What makes Cucuruz Doan’s Island much more rewarding is coming into it already having experienced Amuro’s story across the original anime and beyond it in follow ups like Zeta Gundam and Char’s Counterattack. A Gundam diehard already knows the story of its adaptation, and knows that this is an Amuro that we are encountering still early in his own story, not quite the man he would become by the end of the original show. So seeing his reactions to a Zeon deserter, getting to understand the humanity of a man who, at some point, would’ve been an enemy to be blinked out in an instant as Amuro does without hesitation to his foes in the back half of film, are enriched by knowing just how fundamental the lessons the young man learns here are to understanding his whole journey. Seeing him face pilots far more experienced than he would be at this point, and overcome them, speaks to his eventual skill and his blossoming as one of the series’ fabled “Newtypes.”
Curucuz Doan’s Island isn’t the kind of fanservice that points at the Gundam, nudges you, and yells “look!
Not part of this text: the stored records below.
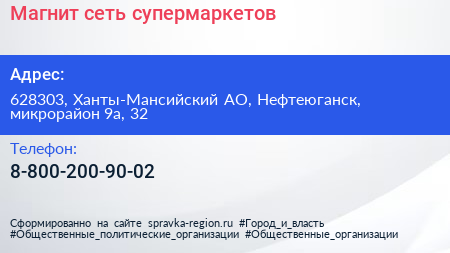 Магнит, сеть супермаркетов по адресу 628303, Ханты-Мансийский АО, Нефтеюганск, микрорайон 9а, 32 в дальнейшем Организация, размещена в следующих категориях: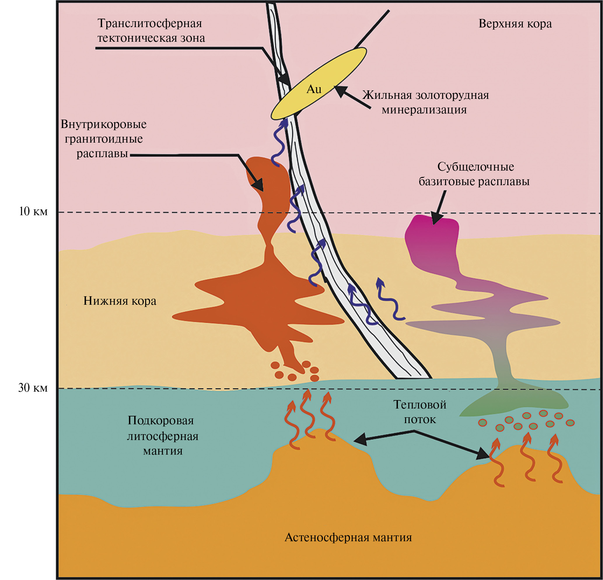 Рис. 3. Схема формирования орогенных золоторудных месторождений согласно магматогенной концепции. Составлена по (Hronsky et al., 2012; de Boorder, 2012; Goldfarb et al., 2023) с изменениями.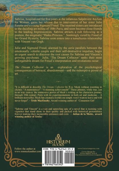 Winner of the Bronze Medal for Best Historical Fiction - Literary Category - HFC Book of the Year 2022 Sabrine, hospitalized for five years at the infamous Salpêtrière Asylum for Women, gains her release due to intervention of her sister Julie Forette and a young Sigmund Freud. The reunited sisters are introduced to the dazzling art milieu of 1886 Paris, and soon become close friends to the leading Impressionists. Sabrine attracts a cult following as a poetess, the enigmatic "Haiku Princess." Seemingly cured by Freud of her Grand Hysteria, Sabrine soon enters into a tumultuous relationship with Vincent van Gogh. Jule and Sigmund Freud, alarmed by the eerie parallels between the emotionally volatile couple and their self-destructive impulses, begin an urgent search to discover the root causes for Sabrine and Vincent's growing psychoses. Julie, 'The Dream Collector' seeks their most unforgettable dream for Freud's interpretation and revelations occur. The Dream Collector is an exploration of the psychological consequences of betrayal, abandonment--and the redemptive power of art.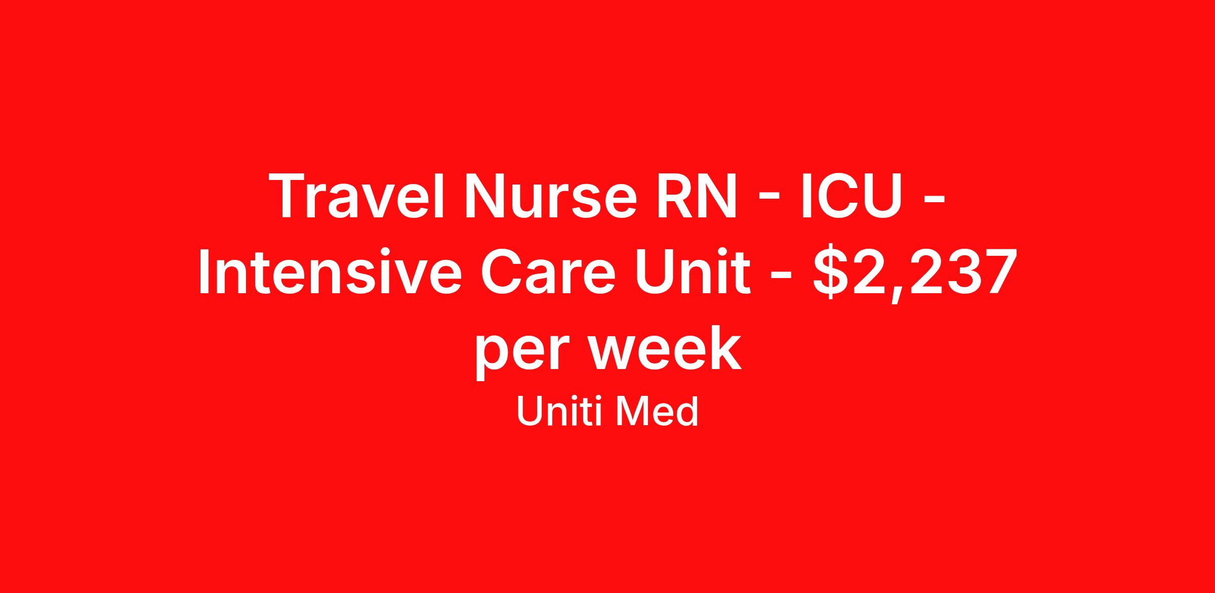 Travel Nurse RN - ICU - Intensive Care Unit - $2,237 per week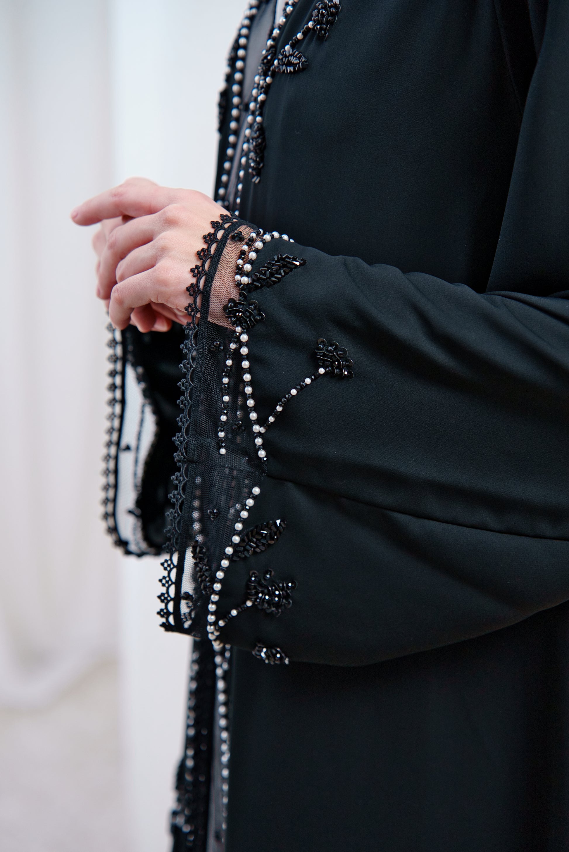 Abaya detailed with a beautiful combination of Nada and tulle, creating a soft, layered look with a graceful flow.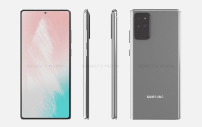 이미지를 보면 신제품 후면 카메라가 전작인 갤럭시노트10과 달리 튀어나온 직사각형 모듈 위에 배치됐었습니다.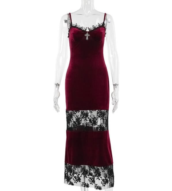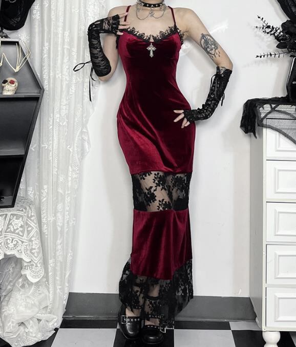 秋冬新作 女 レディース ハイウエスト 袖なし ベロア 吊りスカート ロング ワンピース タイトスカート

It’s Gundam!” But it’s a fanservice that allows the people who already love its story to feel like that love will let them enrich and better appreciate this newly polished chapter of it. And it’s that which makes it worth seeing, even with all its pacing issues and its otherwise peculiar tale. If you’re a Gundam neophyte, there are certainly things to enjoy, but this is a movie for the fans of Gundam’s earliest years, for better or worse—and for them at least, it’s definitely going to be for the better.
Mobile Suit Gundam: Cucuruz Doan’s Island will release in both dubbed and subtitled formats in the UK on September 21 and 22, in the U.S. on September 27 and 28, and Canada on September 29 and October 1, and will also release for a special one-week run in Australia starting September 29.